Ce matin je me suis levé un peu plus tard que d'habitude, et j’ai raté le seul bus Apple qui s’arrête devant ma maison. J’ai fini par aller travailler en voiture, englué dans le trafic lent. J’étais content de ne pas avoir à conduire jusqu’au bureau tous les jours. Mais je continuais de penser que j’aurais préféré pouvoir emmener ma fille à l’école maternelle avant d’embaucher tous les jours chez Apple. A peine arrivé au boulot, je devais déjà me rendre à une réunion. Cette dernière se déroula correctement et je réintégrai mon poste de travail. Sans même un bonjour, mon patron m’apostropha avec une nouvelle insulte de bas étage déguisée en mauvaise plaisanterie. J’ai essayé de l'ignorer et de me remettre au travail mais j’ai réalisé que je ne parvenais pas du tout à me concentrer. J’étais trop absorbé à penser à comment je devais faire face à la situation. Dois-je en référer à quelqu’un ? Parviendrai-je jusqu’à la fin de mon contrat ? Pourrais-je éventuellement changer d’équipe ? Comment trouver un nouvel emploi si j’étais toujours coincé à Cupertino ? Peut-être que je devrais mettre un bourre pif à mon patron ? Non Jordan, ne fais pas ça !
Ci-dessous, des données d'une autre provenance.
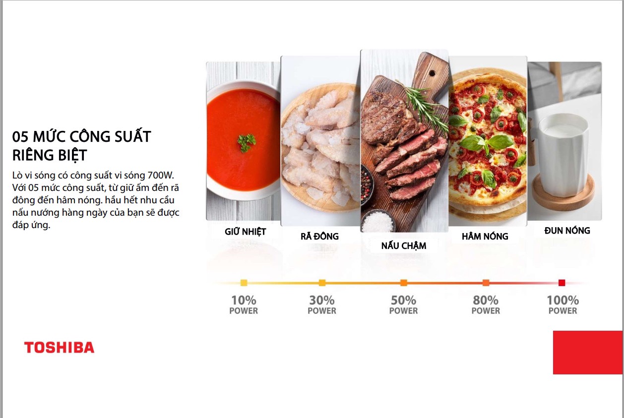 Toshiba MWP-MM20P(WH) có 5 mức công suất riêng biệt với 3 chức năng chính: nấu, hâm, rã đông, đáp ứng đa dạng nhu cầu nấu nướng hàng ngày của người dùng.  Đặc biệt là chức năng rã đông thực phẩm theo thời gian và trọng lượng, tránh lãng phí năng lượng không cần thiết.
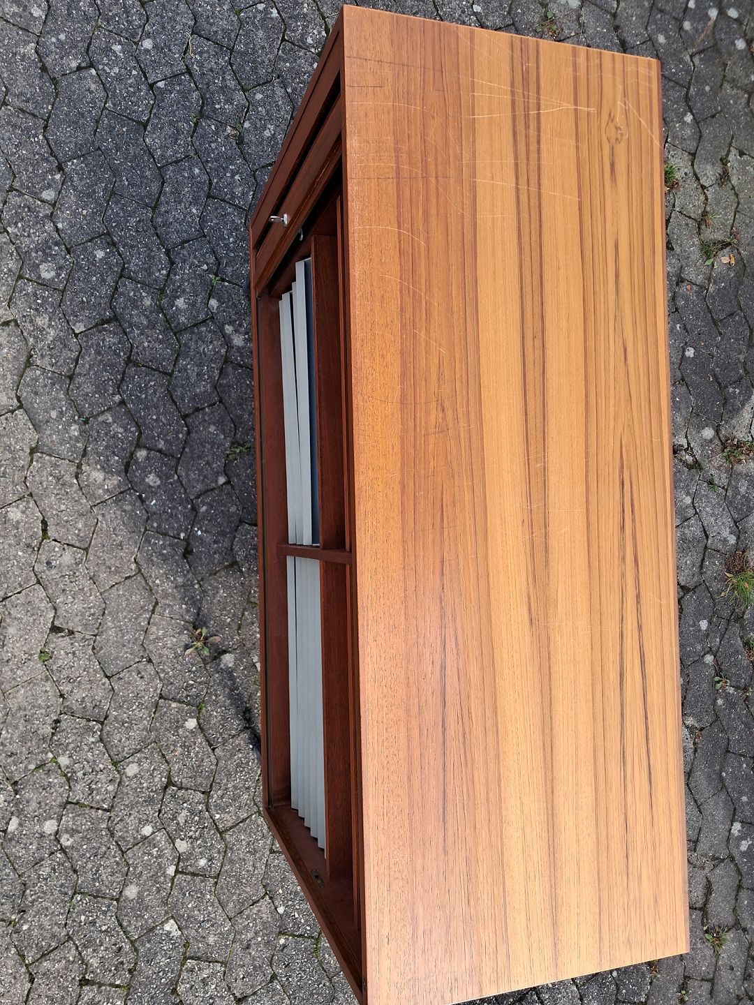 Jalousi skab i fineret teaktræ, fra 1970erne. Det har brugsspor og der medfølger en nøgle. Højde 93cm Bredde 120cm Dybde 43cm Emne nummer: 77346

Alors, à l’heure du déjeuner, j’ai effacé les données de l’iPad, j’ai transféré les fichiers sur lesquels j’avais minutieusement travaillé sur le serveur, j’ai abandonné toutes mes affaires sur mon bureau et je suis rentré chez moi en voiture. J’ai laissé un mot à l’adresse de mon boss, lui disant qu’il était le pire chef que je n’avais jamais rencontré de toute ma carrière et que je ne pourrai plus travailler sous sa direction, même si Apple aurait pu faire super classe sur mon CV. La compagnie tierce qui m’avait contracté était furieuse parce que je compromettais leur collaboration avec Apple, et bien sûr, ils avaient le sentiment que j’avais eu un comportement hautement non-professionnel en quittant mon poste. Je ne sais pas si cette histoire va me poursuivre ou non, mais ce dont je suis certain, c’est que je souhaitais travailler pour Apple plus que tout, et que désormais, plus vraiment.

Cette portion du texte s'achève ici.